We conduct experiments on a dataset we collected and made publicly available (see Section 5). The experiments will show that using a narrative to guide the generation/selection of script is a much more appropriate approach than using it as part of the general context.

Our work has three main contributions:

(1) To our best knowledge, this is the first investigation on movie script generation with a narrative. This task could be further extended to a more general text generation scenario when suitable data are available.

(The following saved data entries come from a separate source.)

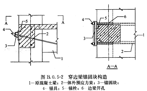 2 當(dāng)加固梁端部有邊梁時(shí),可在邊梁上鉆孔,體外束穿過(guò)邊梁錨固在加固梁中性軸稍偏上的位置(圖B.0.5-2);
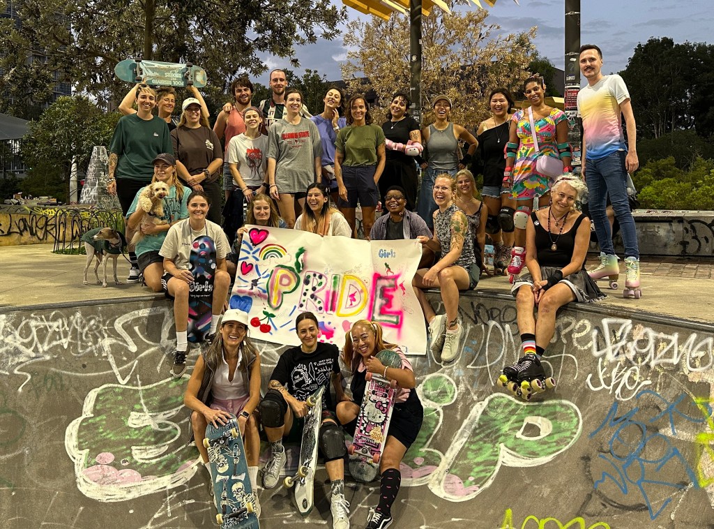 Pride Skate Event to celebrate Queer skaters and allies during Mardis Gras 2025. Sydney Skatepark, Sydney Park. 24th February. 6-8pm. Sponsor. Co-hosted by Skate with Me Sydney, Respect is Rad, and Foenix Cruisers with arts activation including Matilda Holmes from Til June and Jane Gillings.
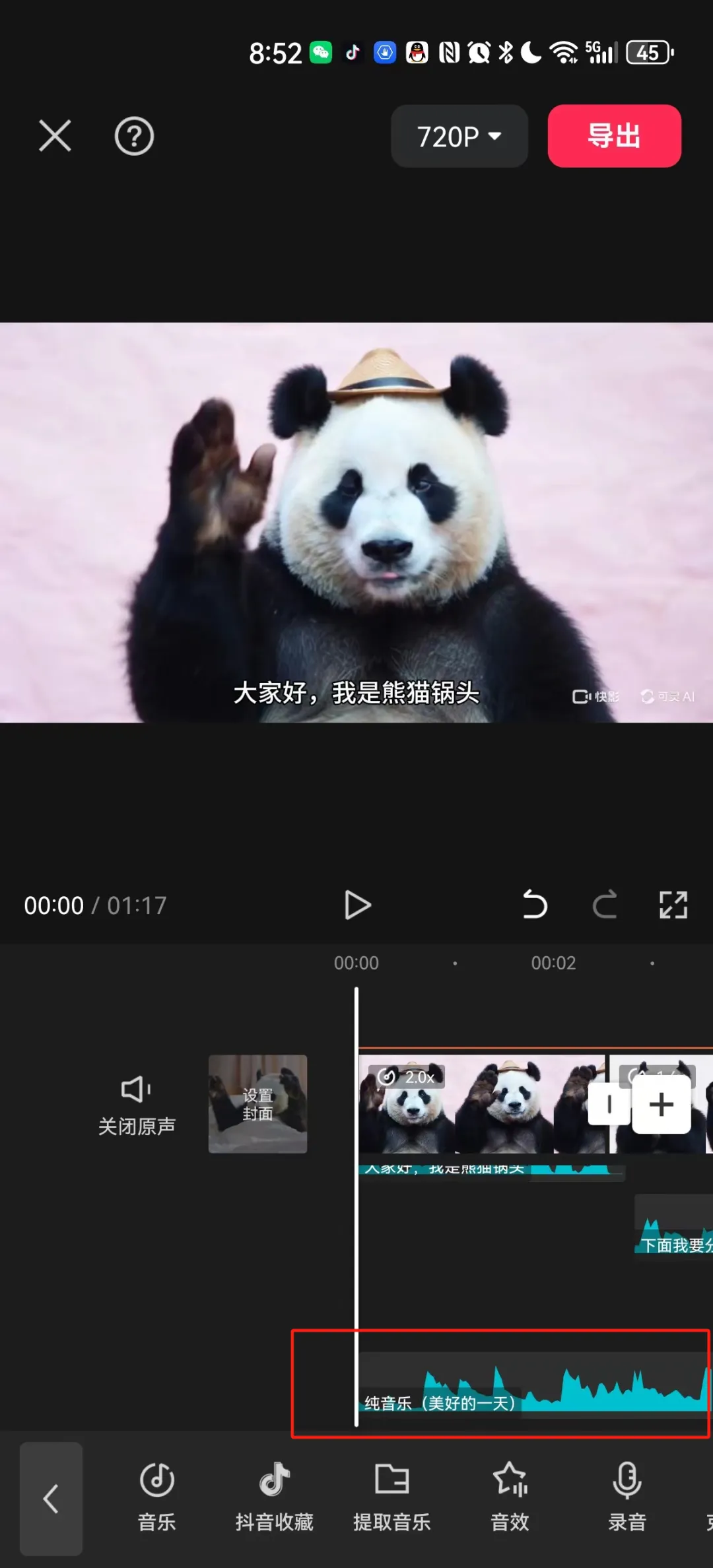 按“熊猫锅头的一天”故事时间顺序,选择刚才用可灵生成的熊猫视频片段后,点击【添加】。
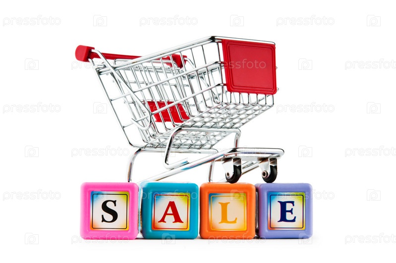 Торговая тележка и слово 'продажа' на белом фоне
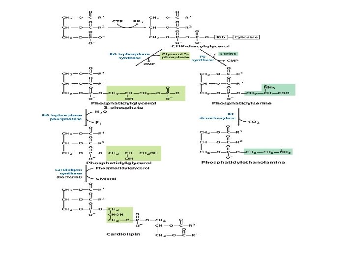Biosynthesis in Eukaryotes of Anionic Glycerophospholipids Strategy 1 (CDP-DAG) • phosphatidylglycerol (PG) by glycerol 3 -phosphate replacing CMP, then phosphatase • cardiolipin by PG replacing CMP on CDP-DAG [CDP-DAG instead of PG] • phosphatidylinositol (PI) by inositol replacing CMP • phosphorylation of PI at positions 4 and 5

(2) We construct the first large-scale data collection GraphMovie to support research on narrative-guided movie script generation, which is made publicly accessible.

(3) We propose a new model in which a narrative plays a specific role in guiding script generation. This will be shown to be more appropriate than a general context-based approach.

2 Related Work

2.1 Narrative Understanding

It has been more than thirty years since researchers proposed “narrative comprehension” as an important ability of artificial intelligence Rapaport et al. (1989). The ultimate goal is the development of a computational theory to model how humans understand narrative texts. Early explorations used symbolic methods to represent the narrative Turner (1994); Bringsjord and Ferrucci (1999) or rule-based approaches to generate the narrative Riedl and Young (2010)

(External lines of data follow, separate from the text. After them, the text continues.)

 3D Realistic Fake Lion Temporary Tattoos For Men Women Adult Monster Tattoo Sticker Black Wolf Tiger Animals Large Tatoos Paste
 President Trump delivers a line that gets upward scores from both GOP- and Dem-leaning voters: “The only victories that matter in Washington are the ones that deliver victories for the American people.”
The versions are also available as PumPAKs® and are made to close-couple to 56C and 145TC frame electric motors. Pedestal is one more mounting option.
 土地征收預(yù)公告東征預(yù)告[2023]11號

. Recently, deep neural networks have been used to tackle the problem 

Bamman et al. (2019), and related problems such as generating coherent and cohesive text Cho et al. (2019) and identifying relations in generated stories Roemmele (2019) have also been addressed. However, these studies only focused on how to understand a narrative itself (e.g., how to extract information from a narrative). They did not investigate how to utilize the narrative in an application task such as dialogue generation.

2.2 Dialogue Systems

Existing methods of open-domain dialogue can be categorized into two groups: retrieval-based and generation-based. Recent work on response generation is mainly based on sequence-to-sequence structure with attention mechanism Shang et al. (2015); Vinyals and Le (2015), with multiple extensions Li et al. (2016); Xing et al. (2017); Zhou et al. (2018a, 2020); Zhu et al. (2020). Retrieval-based methods try to find the most reasonable response from a large repository of conversational data, instead of generating a new one Wu et al. (2017); Zhou et al. (2018b); Zhang et al. (2018). In general, the utterances in the previous turns are taken together as the context for selecting the next response. Retrieval-based methods are widely used in real conversation products due to their more fluent and diverse responses and better efficiency. In this paper, we focus on extending retrieval-based methods by using a narrative as a plan for a session. This is a new problem that has not been studied before.

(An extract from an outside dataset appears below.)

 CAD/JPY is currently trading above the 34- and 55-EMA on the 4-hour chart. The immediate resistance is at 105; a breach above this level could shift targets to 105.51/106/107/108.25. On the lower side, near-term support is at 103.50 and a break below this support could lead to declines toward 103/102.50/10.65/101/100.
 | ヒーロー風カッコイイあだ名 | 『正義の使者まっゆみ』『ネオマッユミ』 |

Contrary to open-domain chatbots, task-oriented systems are designed to accomplish tasks in a specific domain Seneff et al. (1998); Levin et al. (2000); Wang et al. (2011); Tur and Mori (2011). In these systems, a dialogue state tracking component is designed for tracking what has happened in a dialogue Williams and Young (2007); Henderson et al. (2014); Xu and Rudnicky (2000). This inspires us to track the remaining information in the narrative that has not been expressed by previous lines of conversation. However, existing methods cannot be applied to our task directly as they are usually predefined for specific tasks, and the state tracking is often framed as a classification problem.

2.3 Story Generation

Existing studies have also tried to generate a story. Early work relied on symbolic planning Meehan (1977); Cavazza et al. (2002) and case-based reasoning y Pérez and Sharples (2001); Gervás et al. (2005)

, while more recent work uses deep learning methods. Some of them focused on story ending generation 

Peng et al. (2018); Guan et al. (2019), where the story context is given, and the model is asked to select a coherent and consistent story ending. This is similar to the dialogue generation problem mentioned above. Besides, attempts have been made to generate a whole story from scratch Fan et al. (2018, 2019). Compared with the former task, this latter is more challenging since the story framework and storyline should all be controlled by the model.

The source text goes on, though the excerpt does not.